Tie those loose alluring locks away from your face, ladies – you may find it disadvantageous to your modelling career, but at least it will save your day job.
Now I know these rules are harsh, and I am not aversed keeping up with what’s in vogue. I am as much into the latest trends as the next fashion-conscious female. I am not advocating dressing-down either, as crack-showing skater jeans and ripped off-shoulder T shirts are not exactly confidence-inducing attire for the sick and injured. There are ways to look beautiful without being inappropriate, it is about retaining your individuality in the role you have picked to play in society. You have chosen to become a doctor, not a model, not a tart, and definitely not a hooker.
Just remember, the hospital is not a night-club. You are not going on a date (and if you are, it is rather sad you are having it in a hospital, so get a life!), neither are you selling your ‘wares’, and advertising your ‘goods’. If you are dressing up to snare a rich doctor husband, you would be setting your trap for the wrong kind of men.
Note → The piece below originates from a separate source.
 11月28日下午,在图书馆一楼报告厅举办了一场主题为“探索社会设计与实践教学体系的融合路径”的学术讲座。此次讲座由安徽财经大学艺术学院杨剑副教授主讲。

There are plenty of playboys in the medical faculty, as there is definitely no shortage of male doctors who think they are God’s gift to women. These ‘hot’ charismatic egomaniacs are more interested in the junk in your trunk and the boobies in your bra than your personality. They are more concerned in accumulating notches on their belts, and having available booty-calls on speed-dial, than learning about your aspirations. You would be mistaken if you think by attracting their attention, they will be willing to marry you/help you get the job you want/get you out of trouble/recommend you for a promotion.
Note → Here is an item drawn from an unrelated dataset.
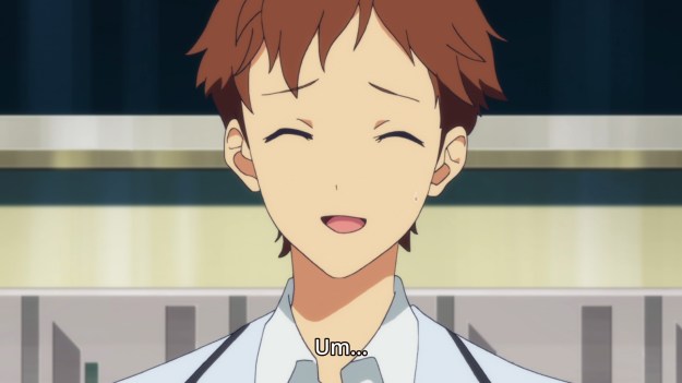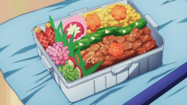 — The girl then fawns over Arato’s bento. She obviously knows it was put together by Lacia. For some reason, however, Arato is trying to conceal this fact from the public. In last week’s episode, he was reluctant to go forward with the boy-meets-girl marketing campaign, because he was afraid people would find it odd. Maybe this is the source of the main character’s anxiety. On the other hand, is it really shocking to hear that an hIE is making lunches for their owner? Wouldn’t this sort of thing be commonplace by now.

I am not suggesting that we should masculinise our appearance, but there are ways of being feminine without flaunting ‘sexuality’, and being gorgeous without over-embellishment. Dressing elegantly in appropriate attire will go a long way to instil confidence in your patients. Your seniors will take you seriously and be more than willing to share their knowledge with you. It will not upset the nurses (who are stuck in unflattering uniforms with colours that make them look like tampon packages), and draw attention away from those higher up the ladder than yourself. And believe it or not, professional dressing will actually make you sound smarter than you really are. You want the men to stop ogling at you; you want them to look at you in awe.